外國醫生和護士點了點頭,相繼退出了房間,只留下張豔和躺在病**的陳俊傑。
張豔望著躺在病**一臉痛苦的兒子,心如刀割,眼中閃過一道狠戾之色,這一切都是寇越乾的,她必須要找寇越替兒子報仇。
想到這裡,張豔連忙掏出手機給老公陳易生打了一個電話過去,電話接通。
“你還在公司幹嘛!你兒子被人打斷雙腿住院,你也不過來看看。”張豔對著電話就是一通大聲呵斥。
電話那頭的陳易生沉默了片刻,才說道:“他一天胡作非為,這是他咎由自取,我陳易生一輩子兢兢業業,怎麼就養了這麼一個敗家子,都是你從小慣的。”
“好,就是他是我慣出來的,但是他畢竟是你的親生兒子,也是陳家唯一的繼承人,你難道不管了嗎?”張豔大聲說道。
這一次陳易生終於長長嘆了一口氣,也不知道因為無奈還是妥協了,開口說道:“你打算怎麼辦?”
“你去求七叔公,讓他替俊傑做主,怎麼說俊傑也是他半個孫子,我就不相信他不管了。”張豔說道。
“讓七叔公出面,可是叔公他早就不過問世事了。”陳易生為難的說道:“那我去試試吧!”
結束通話點哈,張豔又撥通了另一個人的電話,嘀咕了幾句,說:“事情提前進行了。”
“跟寇越有關的人我是不會放過的,我要讓你知道欺負我兒子的代價。”張豔結束通話電話自言自語冷冷的說道。
另一頭的寇越和魏思馨吃過飯便回了別墅睡覺,一覺起來已經到了下午五點鐘,正好接到鼻屎陳的電話,約他去夜鶯酒吧見面,談一談關於八爪幫的事情。
夜鶯酒吧原來隸屬於鐮刀會,寇越從螳螂手中接手之後就將夜鶯酒吧改成了平時聚會的地方。
寇越來到夜鶯酒吧門口,酒吧門口掛著‘暫停營業’的招牌。

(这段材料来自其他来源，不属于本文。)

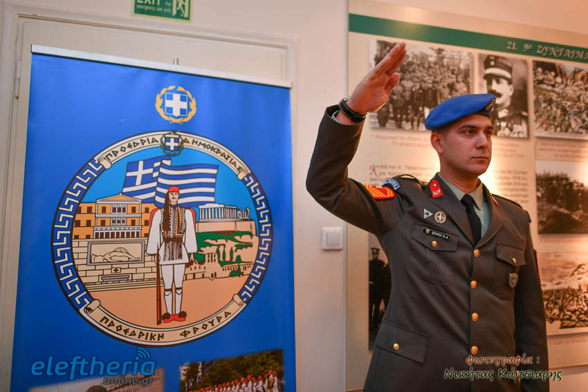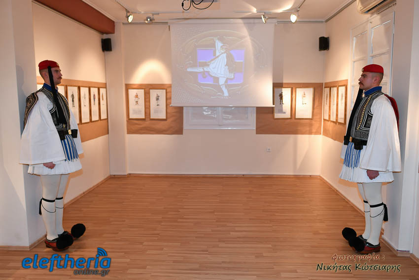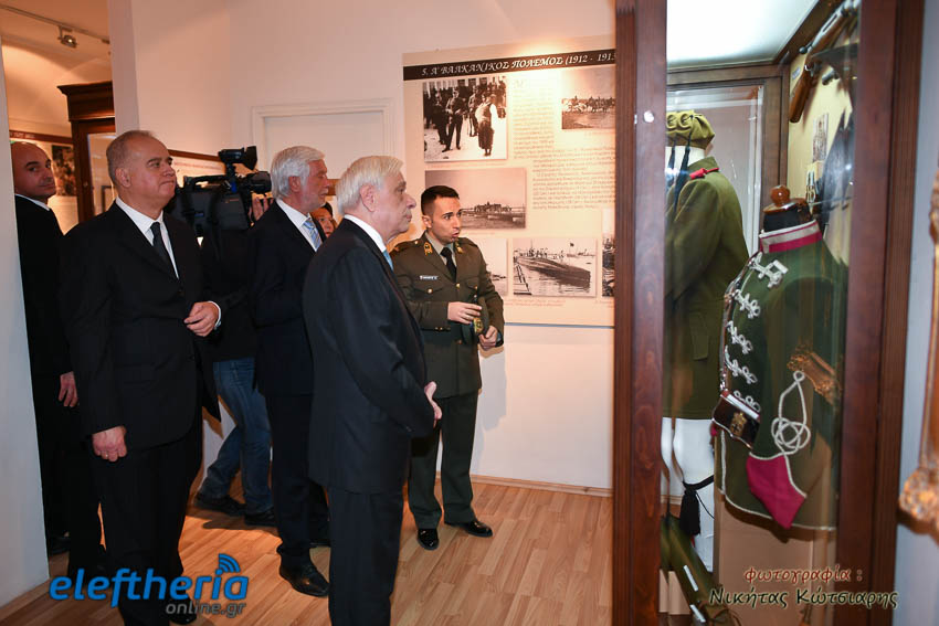 Εκεί ξεναγήθηκε στην έκθεση με τίτλο: "Η Ευζωνική Στολή", που αποτελεί δωρεά του Αλέξανδρου Χαΐτογλου.

門口留出一道細縫,寇越推門而入。
酒吧大廳裡面烏煙瘴氣,坐滿了人,有的在抽菸,有的在講電話,嘴裡大聲罵著髒話,還有的大談自己出來混的英雄事蹟,等所有人看清楚走進來的男人,都停止了喧鬧的聲音,彷彿有人按下了靜音鍵。
“寇哥,好!”眾人齊聲叫道。
寇越皺了皺眉眉頭,當先走到一名抽菸的男子面前,皺著眉頭道:“香蕉,我告訴過你多少次,我們是正規公司,不是地痞流氓,你看看你們都是什麼形象,以後在公眾場合抽菸的罰款一百。”
香蕉是鼻屎陳的小弟,留著莫西幹髮型,穿著柳丁黑皮外套,打扮潮到爆炸,聞言連忙摁滅手中的菸頭,訕訕笑道:“寇哥,咱們這不是習慣了嗎?一時間還改不過來。對了,陳哥在樓上包廂裡等你。”
寇越點了點頭,這群人只要不幹傷天害理的事情,他都還可以忍受,說:“你也跟著我上去吧!”
香蕉聞言頓時身軀一震,激動不已,平時開會他都充當端茶倒水的角色,今天還是第
一次寇越要求他去開會,明顯是想要提拔他。
來到二樓的包廂裡,鼻屎陳和餘樂兩人正坐在包廂裡,還叫了幾名陪酒女郎,還有一個年齡略小的男子,正是寇越在海邊收的小弟唐啟文,也是任盈盈的追求者,說起來任盈盈是餘樂的堂妹,寇越讓唐啟文跟著餘樂還是很對。
唐啟文也知道餘樂是任盈盈的堂哥,於公於私都對餘樂恭敬的很。
“寇哥。”三人起身叫道。
寇越皺著眉頭掃了一眼坐在沙發上三名陪酒女郎,頓時不開心的皺起了眉頭,公司現在還處於發展階段,這些人居然就開始安逸享樂腐敗了。
“陳哥,這個人是誰啊?穿的這麼老土。”一個裝束妖嬈的陪酒女郎站起身子爬在鼻屎陳的肩膀上,一臉不屑的盯著寇越。
鼻屎陳聽見陪酒女郎的話,頓時覺得難看,寇越是他的大哥,這樣的話,不是在打他自己的臉嗎?
“臭婆娘,你說什麼呢?這是我大哥。”鼻屎陳一把抓住那陪酒女郎的頭髮,一巴掌掄到對方臉上。
直接把那陪酒女郎給扇的趴到了沙發上,那陪酒女郎這才嚇懵了,捂著臉龐不敢在說話。
寇越冷眼掃了一眼鼻屎陳,說道:“讓她們都下去。”
唐啟文連忙打圓場朝著那幾個陪酒女郎努了努眼睛,讓幾個人下去,又說:“寇哥,這不是忙的要死,過來輕鬆一下而已嘛!”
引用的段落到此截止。